Redmond certainly hopes so

Mix 09 Traditionally, version 3.0 is the moment when everything comes together for Microsoft. Has the company pulled this off with Silverlight 3.0, the beta of which was announced today here at Mix 09 in Las Vegas?

The list of new features is impressive, although behind almost every announcement, you can sense Microsoft looking nervously at what Adobe Systems is doing with Flash, both as a media client and as an application platform.

Adobe has AIR, for example, for desktop Flash applications. So, Microsoft has announced Silverlight out of the browser. Developers enable this with a couple of lines in the XML manifest, which configures a Silverlight applet. Users can then right-click and select Install onto this computer. It is also possible to create an install button programmatically. This copies the application locally and creates a shortcut to start it.

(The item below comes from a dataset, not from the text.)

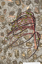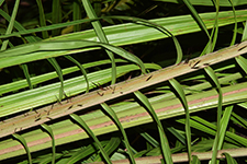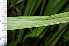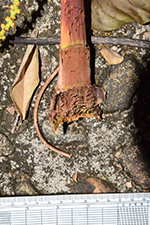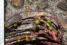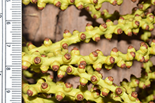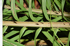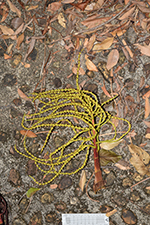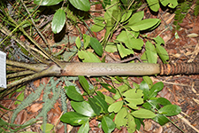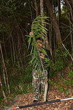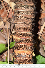 | Field notes | Single stemmed palm; 10 m tall. Stem 5 cm wide. Internodes grey, 2 cm long, armed with <2cm long glossy brown spines espicially in the uppermost 25 cm of the stem. Crownshaft 60 cm long, 6 cm wide. 11 leaves in crown. Leaf sheaths greyish-green with appressed glossy brown spines. Leaf 170 cm ca 50 drooping pinnae per side. Petiole 15 cm, abaxially covered with 3 cm long black-brown spines. Rachis 155 cm. Inflorescences infrafoliar, branching to 2 orders, rachis <28 cm long, burgundy. Remaining inflorescence yellow-green. First-order branches <3 cm long, radillae <32 cm long. Calyx yellow-green, corolla and ovary brown in female flowers after anthesis. Infructescence dark burgundy to deep purple-black. Fruit globose, ca. 1 cm diameter, olive green. |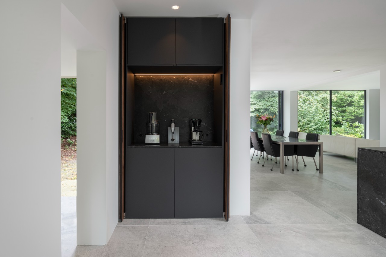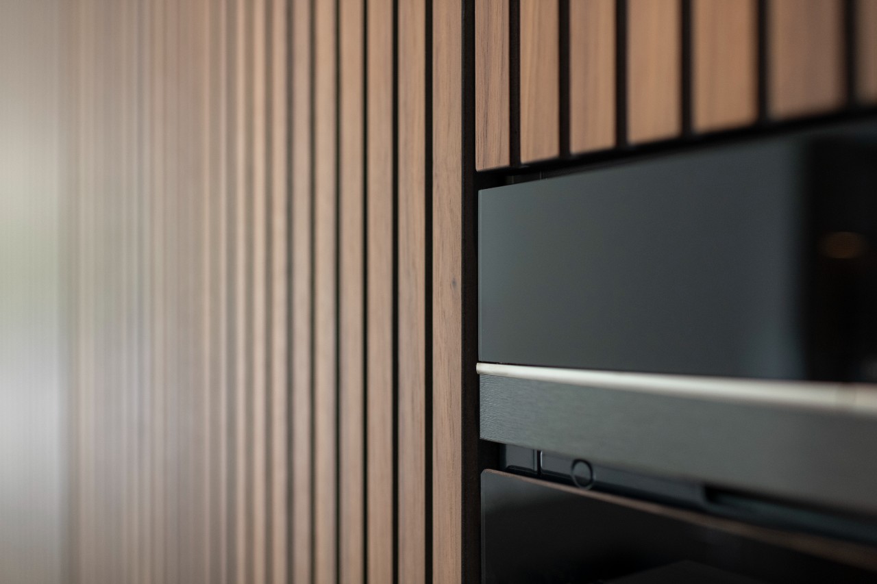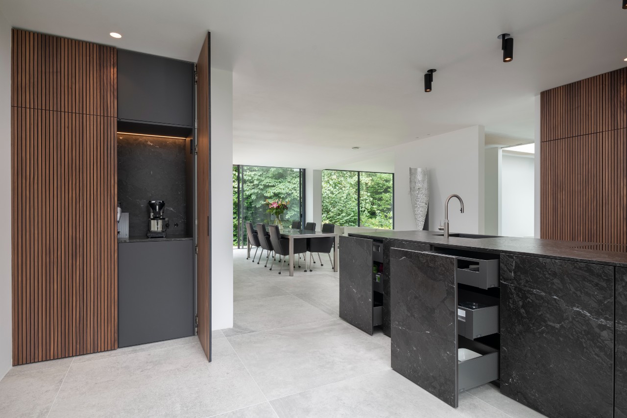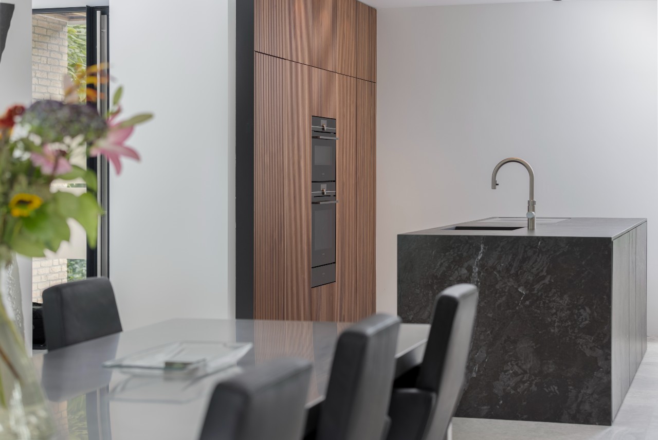Deze prachtige en exclusieve Mereno keuken heeft een moderne look en feel. Dit komt niet alleen door de opvallende kastenwand maar wordt ook stijlvol door de greeploze fronten. De combinatie van materialen en structuren zorgen ervoor dat de keuken ondanks zijn strakke design, sfeervol en warm blijft.

There is no security prompt, because Silverlight out of the browser is sandboxed in the same way as Silverlight in the browser. Access to local storage is limited to Microsoft's Isolated Storage, which is an application-specific area. It is 25MB by default but can be increased with user consent. You can write code to detect whether the system is online or offline, and changes in network status trigger an event you can handle. Application updates are near automatic when the version on the Internet changes.

What's different between AIR and Silverlight out of the browser? Quite a lot. Most AIR applications ask for full, local-file access, which means passing a security prompt. Microsoft's vice president of the .NET development platform Scott Guthrie told us this is a key point.

"End users are concerned when they see a big security dialog. What we're doing with Silverlight is to provide a sandbox experience. That starts to dramatically increase the number of scenarios where people feel comfortable clicking OK," he said.

Sandboxing is a double-edged sword. There are scenarios where an AIR application can make good use of its greater permissions. AIR applications also have features that Silverlight lacks. Only pure Silverlight applications will run out of the browser. If your application also needs HTML or script running in the browser, it cannot work, whereas AIR also includes WebKit for offline browser applications.

AIR also has a local-database manager, embedded SQLite. AIR has support for the notification area - sometimes wrongly called the system tray on Windows. Silverlight out of the browser will probably have this, though it is not certain. "It's something we will enable, but I don't know the timeframe," Guthrie said.

Microsoft has also addressed weaknesses in Silverlight's remote-data support. A new binary XML protocol means more efficient access to data delivered as XML. There is also a new server-side feature called .NET RIA Services.

"You can expose a domain service and do change tracking of any data you retrieve, submit the changes back, and the server will revalidate and then persist," explained Guthrie.

This is a REST service that builds on ADO.NET Data Services, once known as Astoria, and will be usable from AJAX web applications as well as in Silverlight. Data comes down by default in JSON format. Automatic synchronization of offline changes is not yet included, though Guthrie said: "The architecture is designed to enable that in future."